The Mets spotted Colon an early 1–0 lead and he quickly went to work against Seattle, pounding the strike zone with his low-90s fastball and getting the Mariners to chase an occasional slider. Not a single Seattle batter was able to reach base during the first two times through the order, with Kyle Seager, Corey Hart, Jesus Sucre, and Logan Morrison all falling victim via strikeout.

Colon needed just 73 pitches to get through the first six frames. Just nine outs away from perfection, he began the seventh inning by getting former Mets outfielder Endy Chavez to pop out to third base. Colon promptly fanned James Jones, which brought up Robinson Cano. With the count 2–2 against the Seattle second sacker, Anthony Recker wanted Colon to fire the next offering low and away.

Instead, Colon left the offering up at the belt and Cano lined an opposite-field single to break up the perfect game bid.

Kyle Seager grounded out on the next pitch to end the seventh, but Seattle would cut into Colon’s 3–0 lead the next inning. Corey Hart led off the frame by working an eight-pitch walk. Two batters later, Dustin Ackley singled to bring the tying run to the dish. Brad Miller missed out on evening the score by just a matter of feet, but he settled for a two-run double off the top of the wall that knocked Colon out of the game.

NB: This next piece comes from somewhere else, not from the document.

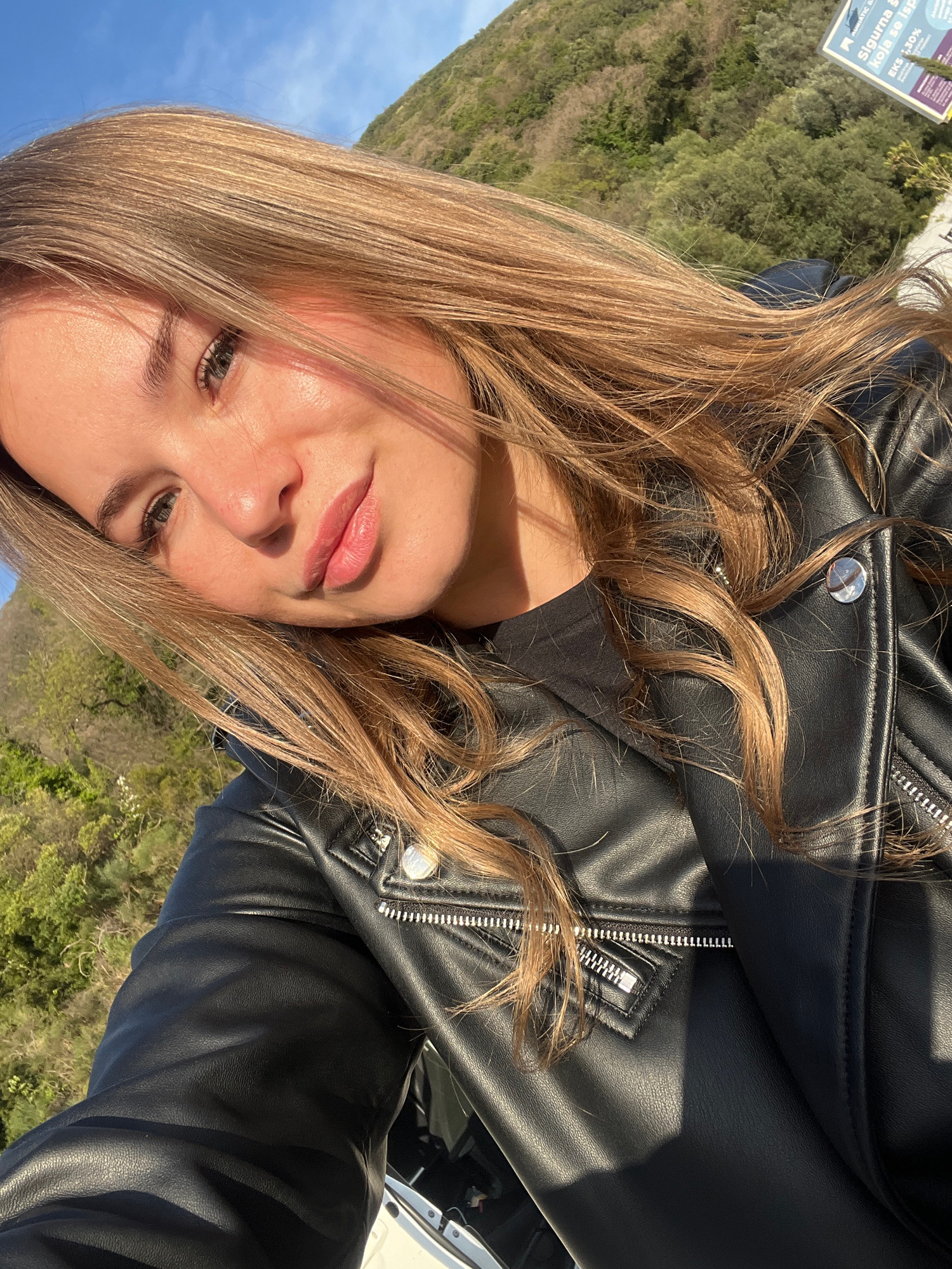 A light-skinned woman with blonde hair is seen in a close-up, rotated headshot, wearing a black leather jacket. The background shows green trees and foliage, along with a blue sky, suggesting an outdo…read more

In to pitch for New York was Jeurys Familia, who got Willie Bloomquist to hit a soft grounder up the middle. Ruben Tejada had left the game in the fifth inning after being plunked by a 94 mph fastball from Walker that left an indentation on his helmet. Replacing Tejada at shortstop was Eric Campbell, who had played just one inning at the position prior to Wednesday. Campbell looked uncomfortable attacking the grounder and it appeared that Bloomquist beat the throw by a split second (an extra split second that Tejada would have likely shaved off). However, Terry Collins challenged the play and it was quickly overturned.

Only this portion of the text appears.